Пять молодых сильных коней и три воза барахла, мануфактуры и всякого хозяйственного добра числилось за Алексеем Красильниковым в обозе махновской армии. Все это не столько Алексей, сколько собрала Матрена. Она бесстрашно приходила на собрания, где атаман отряда или сам Махно делил добычу, — всегда нарядная, красивая, злая, — брала, что хотела. Иной мужик готов был и поспорить с ней, — кругом начинался хохот, когда она вырывала у него какую-нибудь вещь — шаль, шубу, отрезок доброго сукна: «Я женщина, мне это нужнее, все равно пропьешь, бандит, ко мне же принесешь ночью…» Она и меняла и скупала, держа для этого на возу бочонок спирта.

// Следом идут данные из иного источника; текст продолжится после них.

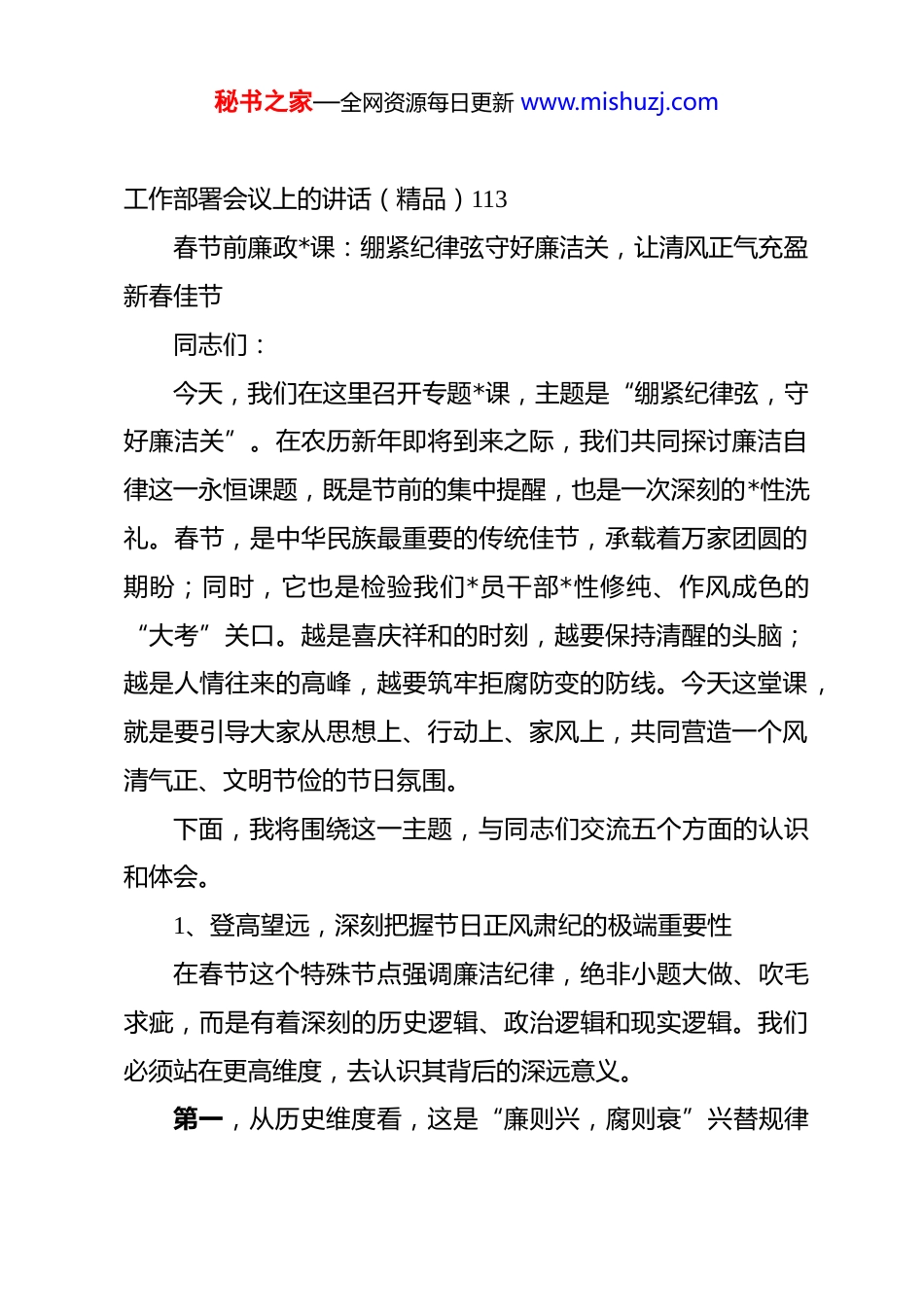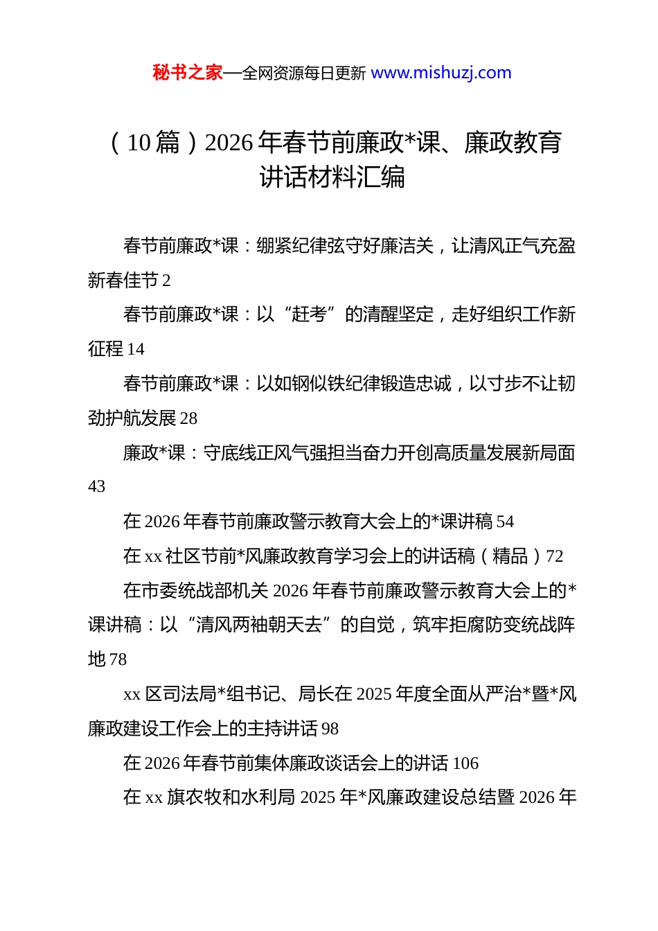 秘书之家—全网资源每日更新 www.mishuzj.com(10 篇)2026 年春节前廉政*课、廉政教育讲话材料汇编春节前廉政*课:绷紧纪律弦守好廉洁关,让清风正气充盈新春佳节 2春节前廉政*课:以“赶考”的清醒坚定,走好组织工作新征程 14春节前廉政*课:以如钢似铁纪律锻造忠诚,以寸步不让韧劲护航发展 28廉政*课:守底线正风气强担当奋力开创高质量发展新局面43在 2026 年春节前廉政警示教育大会上的*课讲稿 54在 xx 社区节前*风廉政教育学习会上的讲话稿(精品)72在市委统战部机关 2026 年春节前廉政警示教育大会上的*课讲稿:以“清风两袖朝天去”的自觉,筑牢拒腐防变统战阵地 78xx 区司法局*组书记、局长在 2025 年度全面从严治*暨*风廉政建设工作会上的主持讲话 98在 2026 年春节前集体廉政谈话会上的讲话 106在 xx 旗农牧和水利局 2025 年*风廉政建设总结暨 2026 年秘书之家—全网资源每日更新 www.mishuzj.com工作部署会议上的讲话(精品)113春节前廉政*课:绷紧纪律弦守好廉洁关,让清风正气充盈新春佳节同志们:今天,我们在这里召开专题*课,主题是“绷紧纪律弦,守好廉洁关”。在农历新年即将到来之际,我们共同探讨廉洁自律这一永恒课题,既是节前的集中提醒,也是一次深刻的*性洗礼。春节,是中华民族最重要的传统佳节,承载着万家团圆的期盼;同时,它也是检验我们*员干部*性修纯、作风成色的“大考”关口。越是喜庆祥和的时刻,越要保持清醒的头脑;越是人情往来的高峰,越要筑牢拒腐防变的防线。今天这堂课,就是要引导大家从思想上、行动上、家风上,共同营造一个风清气正、文明节俭的节日氛围。下面,我将围绕这一主题,与同志们交流五个方面的认识和体会。1、登高望远,深刻把握节日正风肃纪的极端重要性在春节这个特殊节点强调廉洁纪律,绝非小题大做、吹毛求疵,而是有着深刻的历史逻辑、政治逻辑和现实逻辑。我们必须站在更高维度,去认识其背后的深远意义。第一,从历史维度看,这是“廉则兴,腐则衰”兴替规律秘书之家—全网资源每日更新 www.mishuzj.com的深刻昭示。“奢靡之始,危亡之渐。”纵览中华五千年历史,从“历览前贤国与家,成由勤俭破由奢”的咏叹,到“清风两袖朝天去,免得闾阎话短长”的自勉,廉洁文化始终是中华优秀传统文化的精神内核。一部厚重的历史,反复印证着一个铁律:官吏清廉则政治清明、国家兴盛;反之,则纲纪废弛、社稷倾额。民间俗语“廉不廉,看过年”,更是以最朴素的方式道出了人民群众评判干部的标准。春节作为百节之首,其风气具有“风向标”意义,不仅关乎一地一时的形象,更潜移默化地影响着全年的政治生态。我们作为新时代的共产*人,必须从历史的兴衰成败中汲取智慧,深刻认识到廉洁自律不仅是个人修为,更是关系到*的事业兴衰、国家长治久安的“国之大者”第二,从政治维度看,这是检验全面从严治*成效的“前沿哨所”。*的二十大以来,以***同志为核心的*中央以前所未有的决心和力度推进全面从严治*,对持之以恒正风肃纪作出了一系列战略部署。中央八项规定已经成为改变中国政治生态的“金色名片”。然而,作风建设永远在路上,反腐败斗争形势依然严峻复杂。尤其是在春节期间,人情往来密集,走亲访友频繁,“四风”问题极易改头换面、潜入地下,披上“人情味”的外衣,穿上“土特产”的马甲,躲进“电子红包”的青纱帐。能否有效防范和纠治这些隐形变异问题,是对我们政治秘书之家—全网资源每日更新 www.mishuzj.com判断力、政治领悟力、政治执行力的直接检验,是检验 dj 学习教育成果是否入脑入心的重要标尺,更是衡量我们是否忠诚拥护“两个确立”、坚决做到“两个维护”的试金石。抓好春节期间的作风建设,就是以实际行动巩固全面从严治*的伟大成果。第三,从现实维度看,这是保护干部、关爱家庭的“暖心工程”。“堤溃蚁穴,气泄针芒。”大量的案例警示我们,许多领导干部的堕落轨迹,都是从节日期间收受一份“薄礼”、参加一次“盛情”的宴请开始的。起初可能只是觉得“盛情难却”“礼尚往来”,但一步步在温水煮青蛙式的“围猎”中放松了警惕、迷失了方向,最终滑向了违纪违...

Алексей раздумывал и не решался, покуда не пришла радостная весть, что Скоропадский, оставленный немцами и своими войсками, отрекся от гетманства, в Киев вошли петлюровские сичевики и там объявлена «демократична украинска республика». Одновременно с этим с советского рубежа двинулась украинская Красная Армия. Это уже было совсем надежно.
Алексей, без огласки, ночью пригнал из степи коней, разбудил Матрену и Катю и велел собирать завтракать, покуда он запрягает; сытно поели перед долгой дорогой и еще до рассвета, в тумане, тронулись грунтом домой, в село Владимирское.